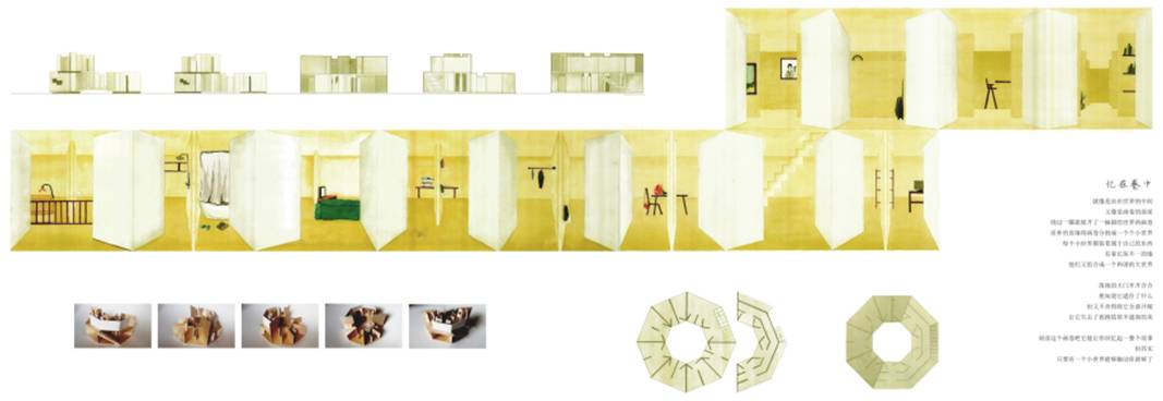 总平面图、剖面图、剖透视图和模型照片(图纸比例、模型比例自定),及其他作者认为必要的表达设计理念和策略的分析或示意图;200字以内的设计概念说明。
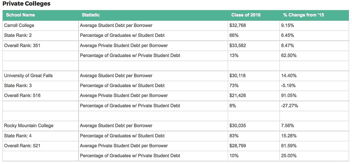 Montana’s private colleges had high average debt per borrower as well, over $30,000 at Carroll College, the University of Great Falls, and Rocky Mountain College. At least 66 percent of grads are in debt at each private school.
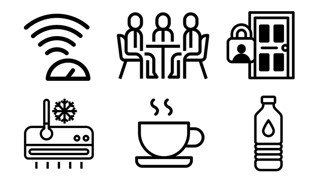 Internet de alta velocidad, salas de reuniones, salitas privadas, climatización, café, agua y más.
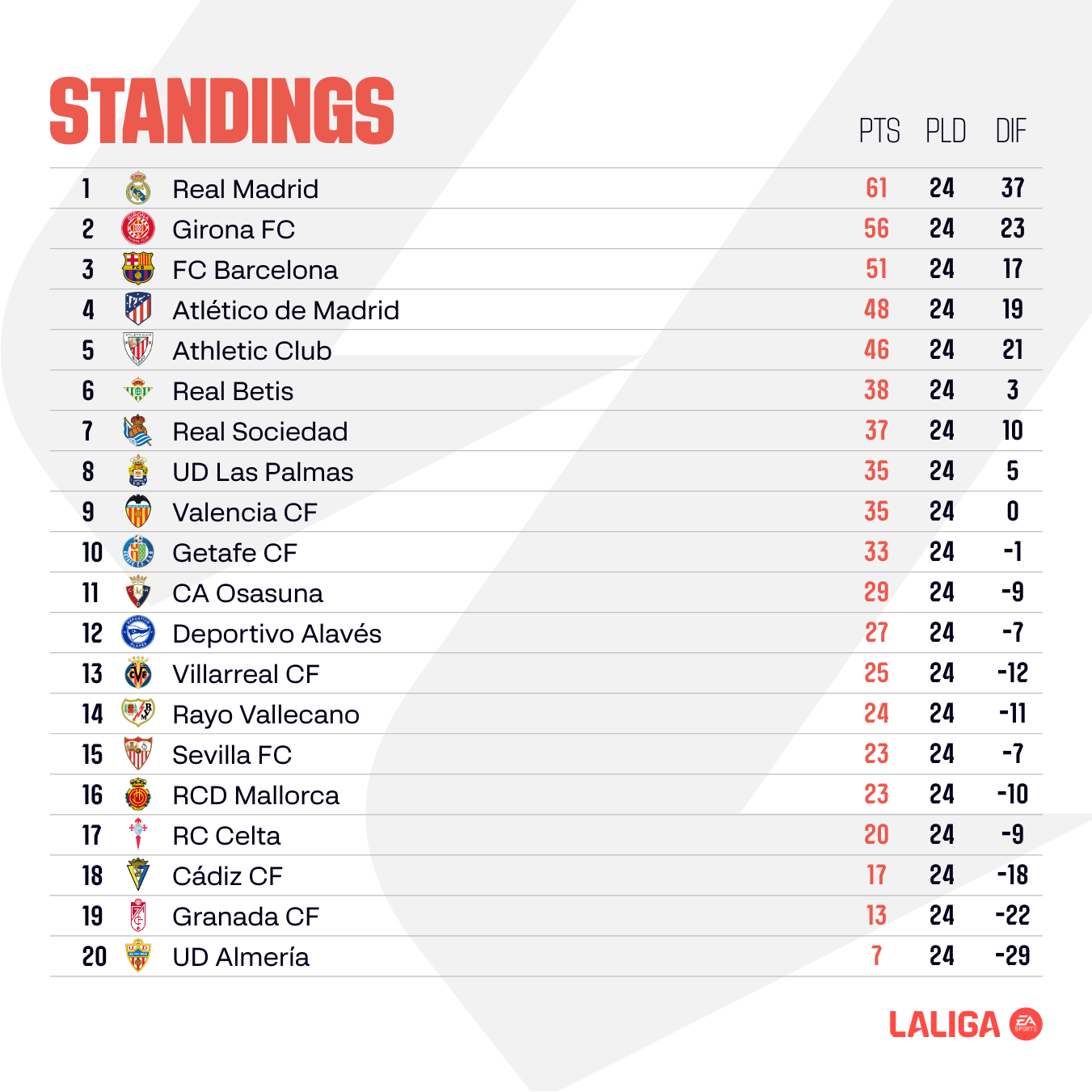We’re now almost two-thirds through the 2023/24 LALIGA EA SPORTS season, making every three points on offer even more valuable. In Matchday 25, there are some really important fixtures, especially in the race to qualify for European football next season.
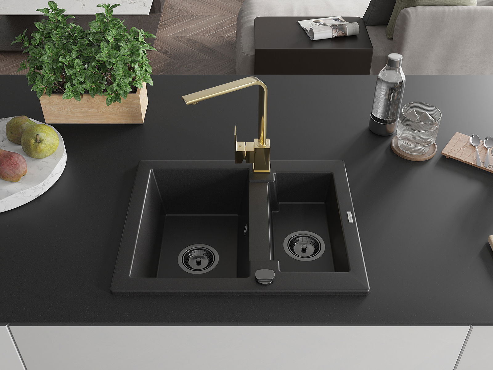 Mexen Carlos zlewozmywak granitowy 1,5-komorowy z baterią kuchenną Rita, czarny - 6518-77-670300-70-B
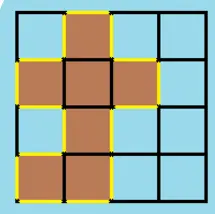 样例输入的岛屿的周长为16,如图中黄线所示。
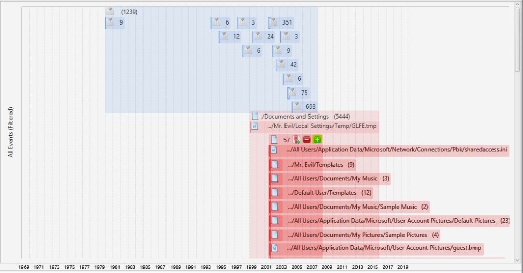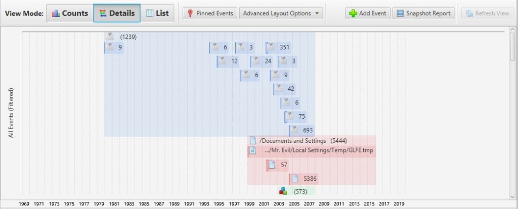 Um recurso importante que foi introduzido com a versão 3 e significativamente aprimorado com a versão 4 é a análise e visualização da linha do tempo (Timeline Analysis and Visualization). Este recurso inclui todos os resultados do Autopsy que aparecem no Visualizador em árvore com os carimbos de data/hora (timestamps) associados. Cada evento possui um tipo de carimbo de data/hora e uma descrição. Para gerar uma linha do tempo, clicamos no botão Timeline e o processo leva vários minutos para ser concluído. Após a conclusão do processo, uma segunda janela é aberta, como podemos ver na janela da linha do tempo.
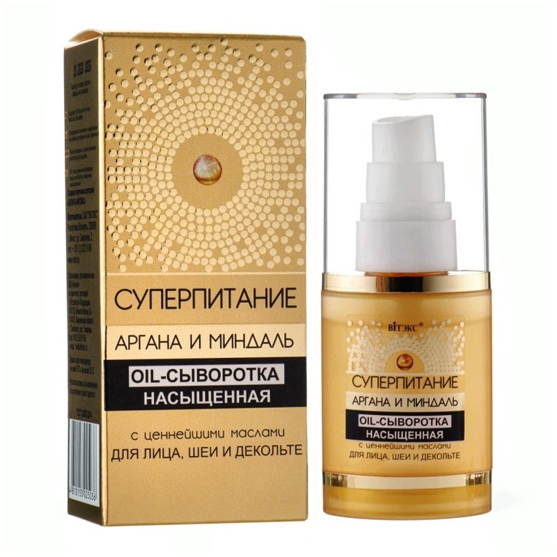 Сыворотка с драгоценными маслами Витекс Суперпитание Аргана и миндаль нежной, тонкой текстуры разработана по новейшей технологии с высоким содержанием масел арганы и сладкого миндаля, сходных со структурными элементами липидных слоев эпидермиса. Активный oil - комплекс полноценно питает, смягчает, увлажняет, разглаживает и восстанавливает кожу. Значительно корректирует глубину морщин и предотвращает их появление. Питательные вещества и протеины, которые содержатся в натуральных маслах арганы и сладкого миндаля, помогают сохранить упругость и эластичность кожи и стимулируют регенерацию новых клеток. Кожа преображается - приобретает необыкновенную мягкость и шелковую гладкость. Рекомендуется использовать сыворотку для косметического массажа.
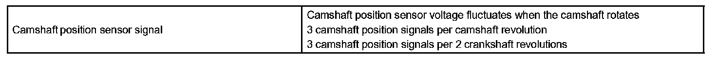This sensor monitors a timing rotor located on the camshaft and is used to detect a camshaft angle by the ECM. The camshaft rotation synchronizes with the crankshaft rotation, and this sensor communicates the rotation of the camshaft timing rotor as a pulse signal to the ECM. Based on the signal, the ECM controls fuel injection time and ignition timing.
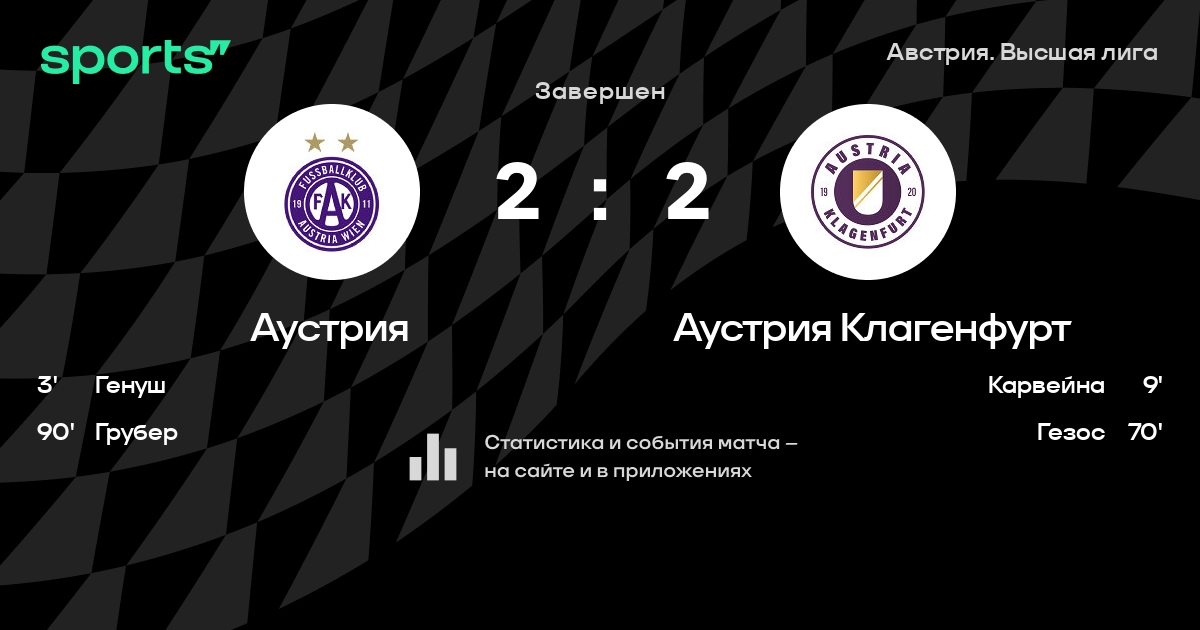Аустрия – Аустрия Клагенфурт: Аустрия Клагенфурт забивает в 6 последних матчах против этого соперника
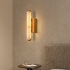 Crafted from premium natural alabaster, this modern wall sconce delivers soft, diffused lighting through its beautifully veined stone. Paired with a sturdy metal frame, it blends minimalist elegance with long-lasting durability. Ideal for bathrooms, bedrooms, hallways, and living spaces, it creates a warm.
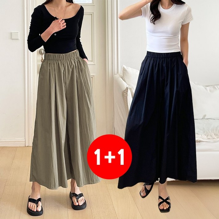 마쿠쿠 11 세트 여성 치마바지 빅사이즈 밴딩 플레어 와이드 팬츠 롱 스커트
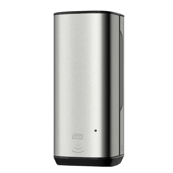 • Dozownik automatyczny Tork ze stali nierdzewnej do dozowania mydła i płynów dezynfekcyjnych.
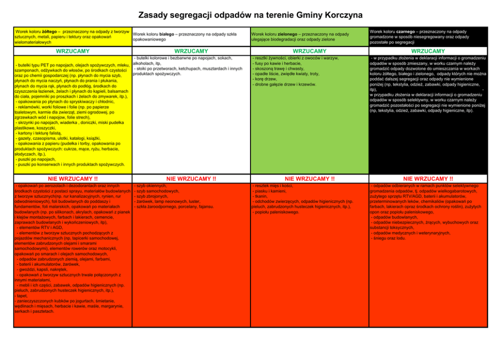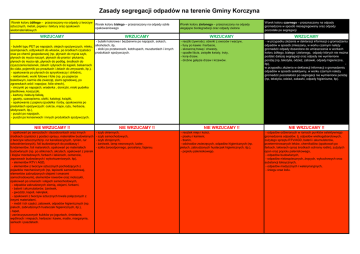 Zasady segregacji odpadów na terenie Gminy Korczyna Worek koloru żółtego – przeznaczony na odpady z tworzyw Worek koloru białego – przeznaczony na odpady szkła sztucznych, metali, papieru i tektury oraz opakowań opakowaniowego wielomateriałowych WRZUCAMY WRZUCAMY - butelki kolorowe i bezbarwne po napojach, sokach, - butelki typu PET po napojach, olejach spożywczych, mleku, alkoholach, itp, - słoiki po przetworach, ketchupach, musztardach i innych szamponach, odżywkach do włosów, po środkach czystości produktach spożywczych. oraz po chemii gospodarczej (np. płynach do mycia szyb, płynach do mycia naczyń, płynach do prania i płukania, płynach do mycia rąk, płynach do podłóg, środkach do czyszczenia łazienek, żelach i płynach do kąpieli, balsamach do ciała, pojemniki po proszkach i żelach do zmywarek, itp.), - opakowania po płynach do spryskiwaczy i chłodnic, - reklamówki, worki foliowe i folie (np. po papierze toaletowym, karmie dla zwierząt, ziemi ogrodowej, po zgrzewkach wód i napojow, folie strech), - skrzynki po napojach, wiaderka , doniczki, miski pudełka plastikowe, koszyczki, - kartony i tekturę falistą, - gazety, czasopisma, ulotki, katalogi, książki, - opakowania z papieru (pudełka i torby, opakowania po produktach spożywczych: cukrze, mące, ryżu, herbacie, słodyczach, itp.), - puszki po napojach, - puszki po konserwach i innych produktach spożywczych. NIE WRZUCAMY !! - opakowań po aerozolach i dezodorantach oraz innych środkach czystości z postaci sprayu, materiałów budowlanych z tworzyw sztucznych(np. rur kanalizacyjnych, rynien, rur odwodnieniowych), foli budowlanych do poddaszy i fundamentów, foli malarskich, opakowań po materiałach budowlanych (np. po silikonach, akrylach, opakowań z pianek i klejów montażowych, farbach i lakierach, cemencie, zaprawach budowlanych i wykończeniowych, itp), - elementów RTV i AGD, - elementów z tworzyw sztucznych pochodzących z pojazdów mechanicznych (np, tapicerki samochodowej, elementów zabrudzonych olejami i smarami samochodowymi), elementów rowerów oraz motocykli, opakowań po smarach i olejach samochodowych, - odpadów zabrudzonych ziemią, olejami, farbami, - baterii i akumulatorów, żarówek, - gwoździ, kapsli, nakrętek, - opakowań z tworzyw sztucznych trwale połączonych z innymi materiałami, - mebli i ich części, zabawek, odpadów higienicznych (np. pieluch, zabrudzonych husteczek higienicznych, itp.), - tapet, - zanieczyszczonych kubków po jogurtach, śmietanie, wędlinach i mięsach, herbacie i kawie, maśle, margarynie, serkach i pasztetach. NIE WRZUCAMY !! - szyb okiennych, - szyb samochodowych, - szyb zbrojonych, - żarówek, lamp neonowych, luster, - szkła żaroodpornego, porcelany, fajansu. Worek koloru zielonego – przeznaczony na odpady ulegające biodegradacji oraz odpady zielone WRZUCAMY - resztki żywności, obierki z owoców i warzyw, - fusy po kawie i herbacie, - skoszoną trawę i chwasty, - opadłe liście, zwiędłe kwiaty, troty, - korę drzew, - drobne gałęzie drzew i krzewów. NIE WRZUCAMY !! - resztek mięs i kości, - piasku i kamieni, - tkanin, - odchodów zwierzęcych, odpadów higienicznych (np. pieluch, zabrudzonych husteczek higienicznych, itp.), - popiołu paleniskowego. Worek koloru czarnego – przeznaczony na odpady gromadzone w sposób niesegregowany oraz odpady pozostałe po segregacji WRZUCAMY - w przypadku złożenia w deklaracji informacji o gromadzeniu odpadów w sposób zmieszany, w worku czarnym należy gromadzić odpady dozwolone do umieszczania w workach koloru żółtego, białego i zielonego, odpady których nie można poddać dalszej segregacji oraz odpady nie wymienione poniżej (np, tekstylia, odzież, zabawki, odpady higieniczne, itp), w przypadku złożenia w deklaracji informacji o gromadzeniu odpadów w sposób selektywny, w worku czarnym należy gromadzić pozostałości po segregacji nie wymienione poniżej (np, tekstylia, odzież, zabawki, odpady higieniczne, itp). NIE WRZUCAMY !! - odpadów odbieranych w ramach punktów selektywnego gromadzenia odpadów, tj. odpadów wielkogabarotowych, zużytego sprzętu RTV/AGD, baterii i akumulatorów, przeterminowanych leków, chemikaliów (opakowań po farbach, lakierach opraz środkach ochrony roślin), zużytych opon oraz popiołu paleniskowego, - odpadów budowlanych, - odpadów niebezpiecznych, żrących, wybuchowych oraz substancji toksycznych, - odpadów medycznych i weterynaryjnych, - śniegu oraz lodu.

########################################

# [Instructions for the task]
Your reply should hold nothing but the lines above, from the one containing "Montana’s private colleges" to the one containing "Internet de alta", reproduced exactly minus the pictures.

# [Solution to the problem]
 Montana’s private colleges had high average debt per borrower as well, over $30,000 at Carroll College, the University of Great Falls, and Rocky Mountain College. At least 66 percent of grads are in debt at each private school.
 Internet de alta velocidad, salas de reuniones, salitas privadas, climatización, café, agua y más.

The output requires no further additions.